**YOUR TASK:**
Starting at the line that contains "- TV de tela" and stopping at the line that contains "Simwood Brand Spring", transcribe every line of the material below exactly; pictures stay out.

**PROVIDED RECORDS:**
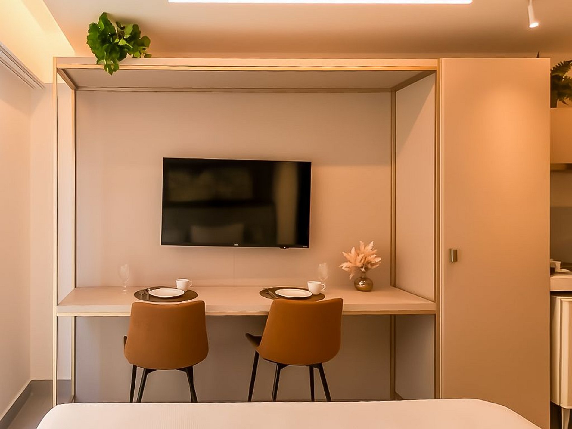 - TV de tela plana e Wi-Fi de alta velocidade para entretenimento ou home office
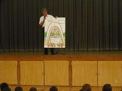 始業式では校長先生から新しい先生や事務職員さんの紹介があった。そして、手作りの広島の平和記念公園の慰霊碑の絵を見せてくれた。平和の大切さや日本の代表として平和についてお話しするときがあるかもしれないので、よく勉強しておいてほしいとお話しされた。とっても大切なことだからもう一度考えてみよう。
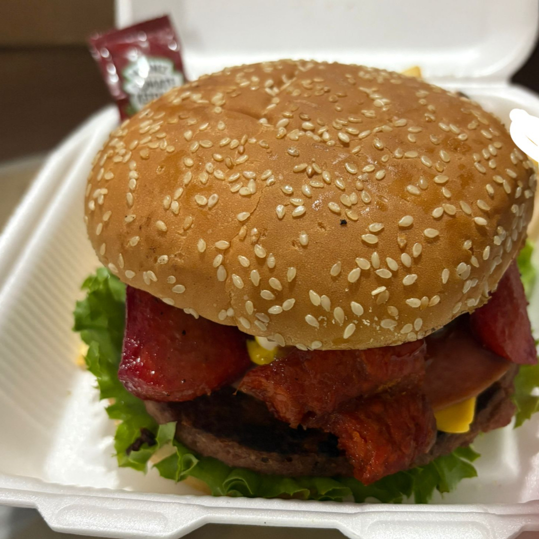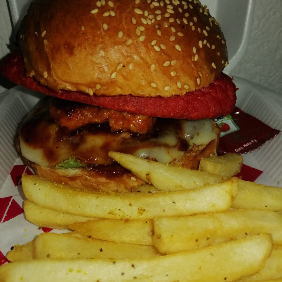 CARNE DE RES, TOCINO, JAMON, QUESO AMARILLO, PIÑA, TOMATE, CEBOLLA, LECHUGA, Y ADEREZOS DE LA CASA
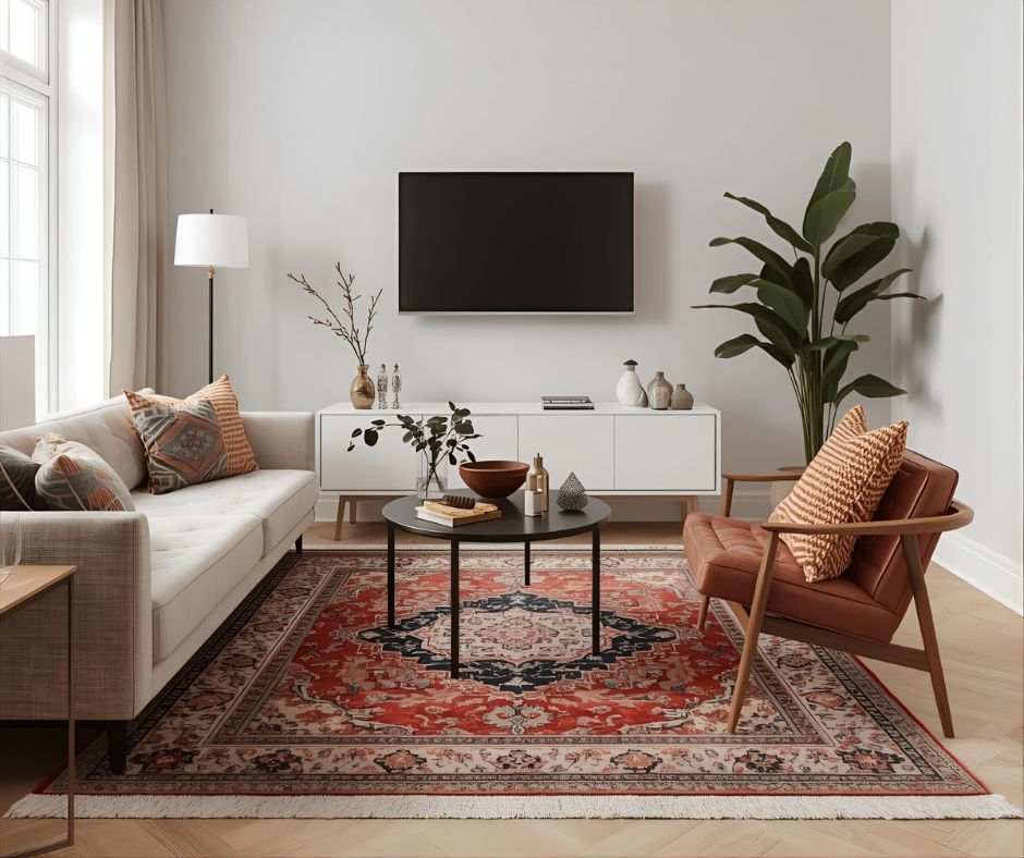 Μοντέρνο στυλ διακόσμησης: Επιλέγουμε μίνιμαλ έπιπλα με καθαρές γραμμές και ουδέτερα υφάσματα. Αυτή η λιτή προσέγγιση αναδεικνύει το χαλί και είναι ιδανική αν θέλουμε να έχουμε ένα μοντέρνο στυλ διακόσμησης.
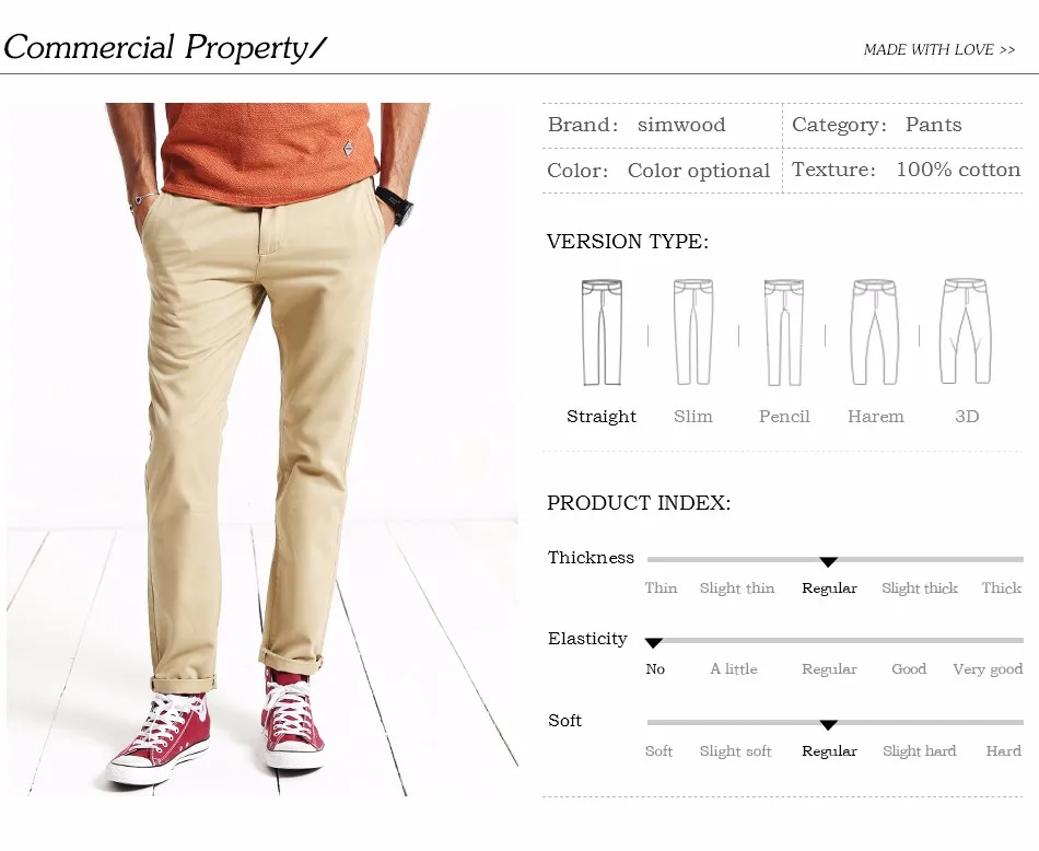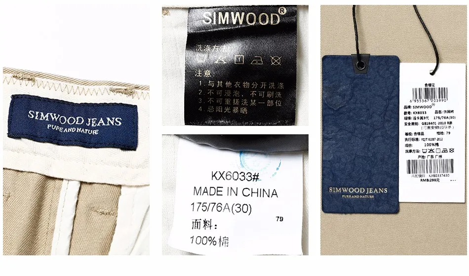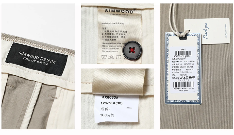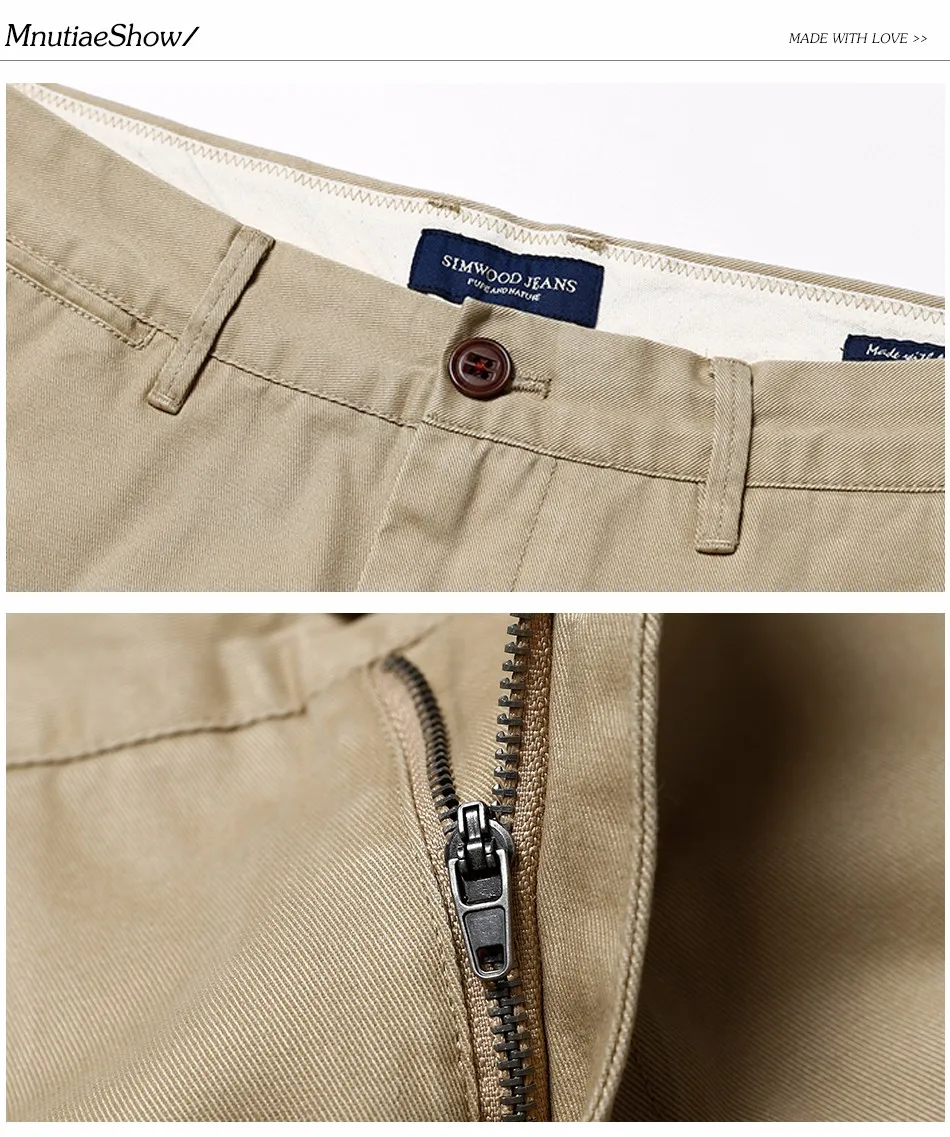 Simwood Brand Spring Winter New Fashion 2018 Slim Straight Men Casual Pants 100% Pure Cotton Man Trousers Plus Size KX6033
---
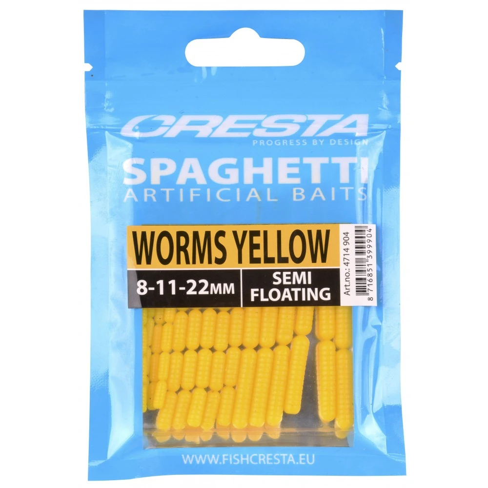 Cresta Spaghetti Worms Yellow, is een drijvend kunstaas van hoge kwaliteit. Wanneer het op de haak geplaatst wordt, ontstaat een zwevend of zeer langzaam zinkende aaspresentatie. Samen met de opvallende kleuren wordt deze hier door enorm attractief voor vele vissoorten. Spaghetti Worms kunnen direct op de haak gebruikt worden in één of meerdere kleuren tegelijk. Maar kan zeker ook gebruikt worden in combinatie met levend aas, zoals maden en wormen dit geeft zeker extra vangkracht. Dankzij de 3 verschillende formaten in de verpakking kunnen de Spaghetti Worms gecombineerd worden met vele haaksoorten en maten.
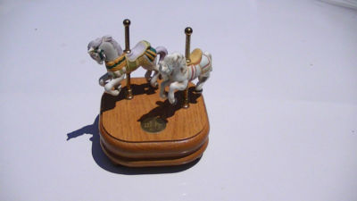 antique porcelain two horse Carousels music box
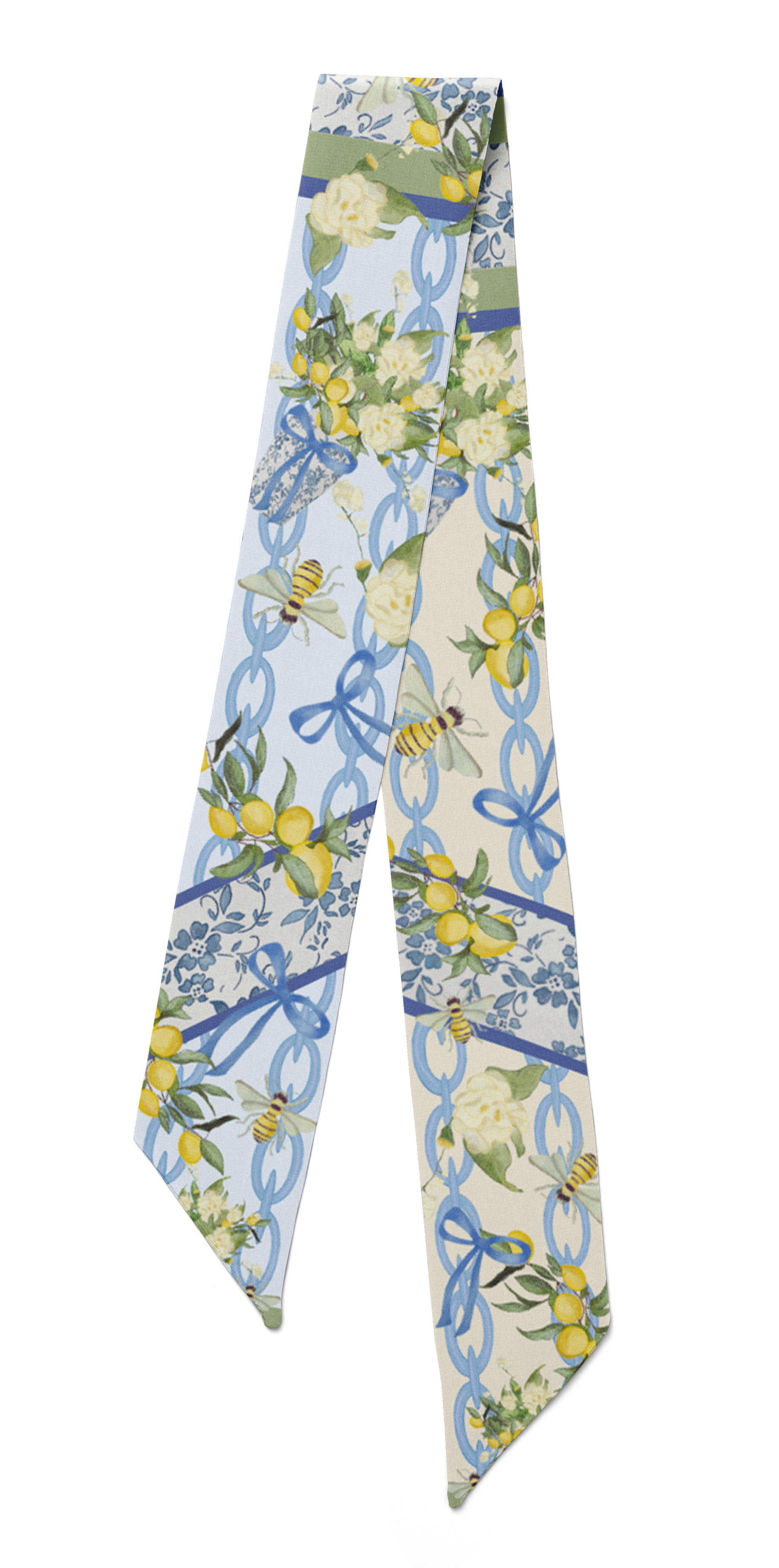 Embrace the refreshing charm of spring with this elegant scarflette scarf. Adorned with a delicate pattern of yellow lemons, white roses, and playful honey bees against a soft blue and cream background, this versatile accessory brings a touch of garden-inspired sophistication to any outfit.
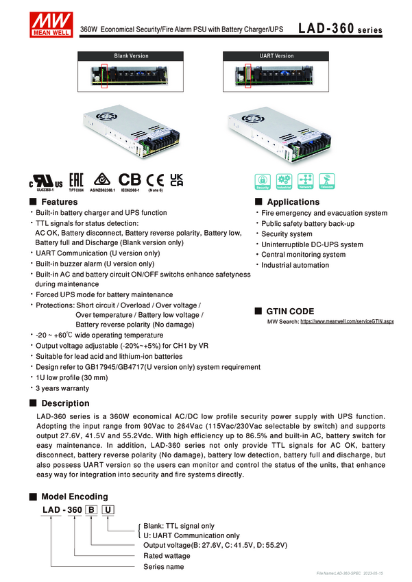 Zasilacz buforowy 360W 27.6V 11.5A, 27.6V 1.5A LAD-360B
==
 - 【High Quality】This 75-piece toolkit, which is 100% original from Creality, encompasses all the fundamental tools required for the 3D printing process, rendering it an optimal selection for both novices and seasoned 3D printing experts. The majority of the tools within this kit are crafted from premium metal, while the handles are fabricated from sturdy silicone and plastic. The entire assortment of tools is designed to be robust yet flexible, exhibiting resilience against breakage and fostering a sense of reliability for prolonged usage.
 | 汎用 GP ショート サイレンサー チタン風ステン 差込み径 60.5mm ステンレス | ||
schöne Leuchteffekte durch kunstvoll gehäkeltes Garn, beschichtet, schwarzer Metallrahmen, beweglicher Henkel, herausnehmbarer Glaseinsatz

**SOLUTION TO THE EXERCISE:**
 - TV de tela plana e Wi-Fi de alta velocidade para entretenimento ou home office
 始業式では校長先生から新しい先生や事務職員さんの紹介があった。そして、手作りの広島の平和記念公園の慰霊碑の絵を見せてくれた。平和の大切さや日本の代表として平和についてお話しするときがあるかもしれないので、よく勉強しておいてほしいとお話しされた。とっても大切なことだからもう一度考えてみよう。
 CARNE DE RES, TOCINO, JAMON, QUESO AMARILLO, PIÑA, TOMATE, CEBOLLA, LECHUGA, Y ADEREZOS DE LA CASA
 Μοντέρνο στυλ διακόσμησης: Επιλέγουμε μίνιμαλ έπιπλα με καθαρές γραμμές και ουδέτερα υφάσματα. Αυτή η λιτή προσέγγιση αναδεικνύει το χαλί και είναι ιδανική αν θέλουμε να έχουμε ένα μοντέρνο στυλ διακόσμησης.
 Simwood Brand Spring Winter New Fashion 2018 Slim Straight Men Casual Pants 100% Pure Cotton Man Trousers Plus Size KX6033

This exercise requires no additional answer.